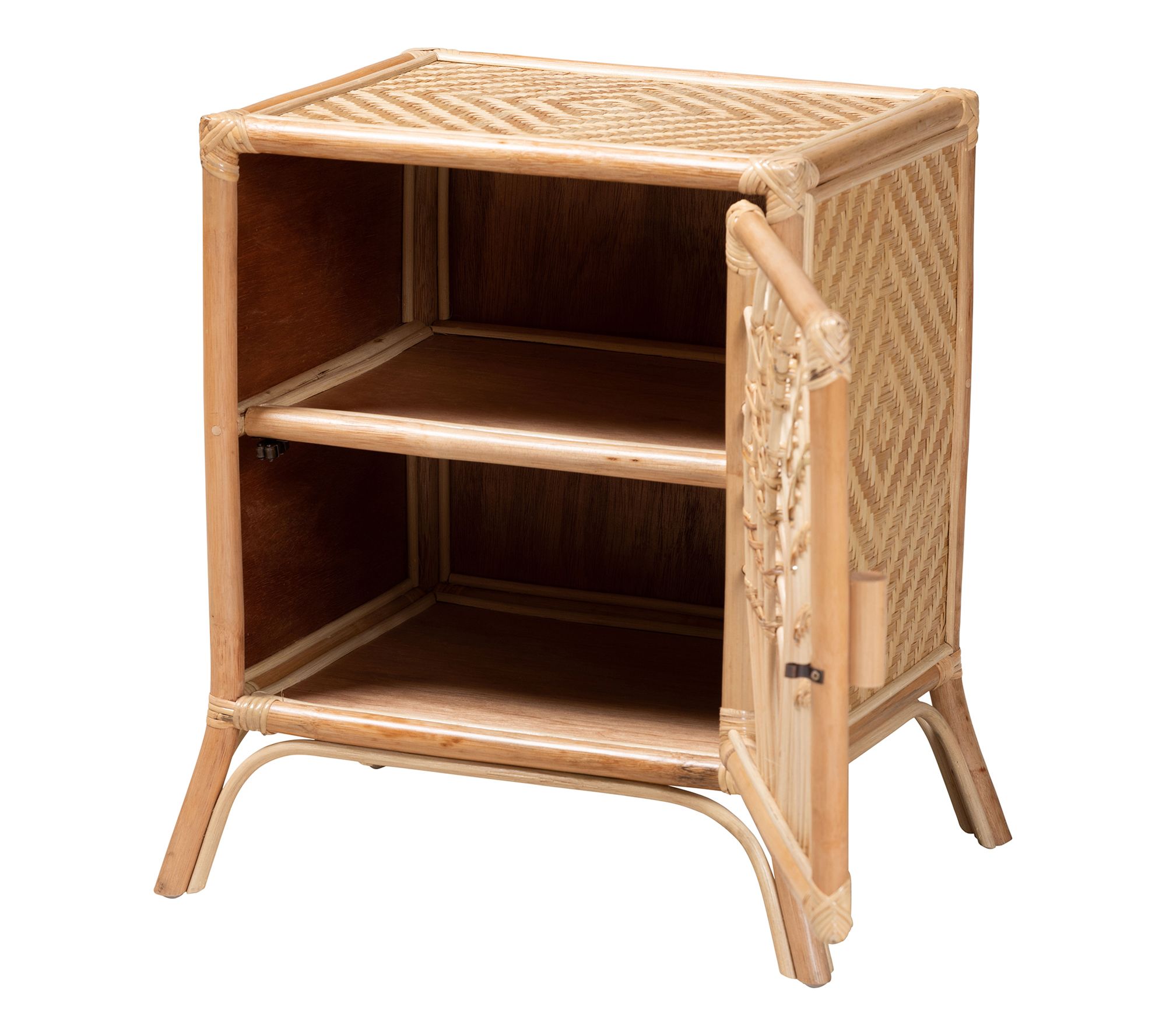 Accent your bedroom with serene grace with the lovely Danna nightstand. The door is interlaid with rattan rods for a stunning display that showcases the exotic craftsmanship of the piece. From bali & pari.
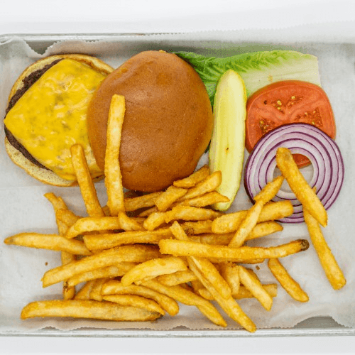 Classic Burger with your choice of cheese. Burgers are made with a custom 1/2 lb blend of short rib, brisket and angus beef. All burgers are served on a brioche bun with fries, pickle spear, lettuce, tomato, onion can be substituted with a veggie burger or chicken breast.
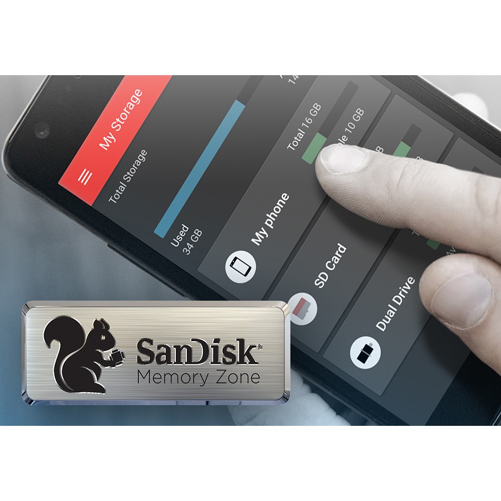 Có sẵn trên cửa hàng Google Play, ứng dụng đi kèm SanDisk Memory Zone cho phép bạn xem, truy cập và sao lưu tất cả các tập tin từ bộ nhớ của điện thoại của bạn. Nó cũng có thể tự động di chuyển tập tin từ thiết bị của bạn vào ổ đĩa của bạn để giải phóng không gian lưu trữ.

· · · · · · ·

* _What to do_
Could you output the entire listing verbatim while omitting its pictures?

* _Answer box_
 Accent your bedroom with serene grace with the lovely Danna nightstand. The door is interlaid with rattan rods for a stunning display that showcases the exotic craftsmanship of the piece. From bali & pari.
 Classic Burger with your choice of cheese. Burgers are made with a custom 1/2 lb blend of short rib, brisket and angus beef. All burgers are served on a brioche bun with fries, pickle spear, lettuce, tomato, onion can be substituted with a veggie burger or chicken breast.
 Có sẵn trên cửa hàng Google Play, ứng dụng đi kèm SanDisk Memory Zone cho phép bạn xem, truy cập và sao lưu tất cả các tập tin từ bộ nhớ của điện thoại của bạn. Nó cũng có thể tự động di chuyển tập tin từ thiết bị của bạn vào ổ đĩa của bạn để giải phóng không gian lưu trữ.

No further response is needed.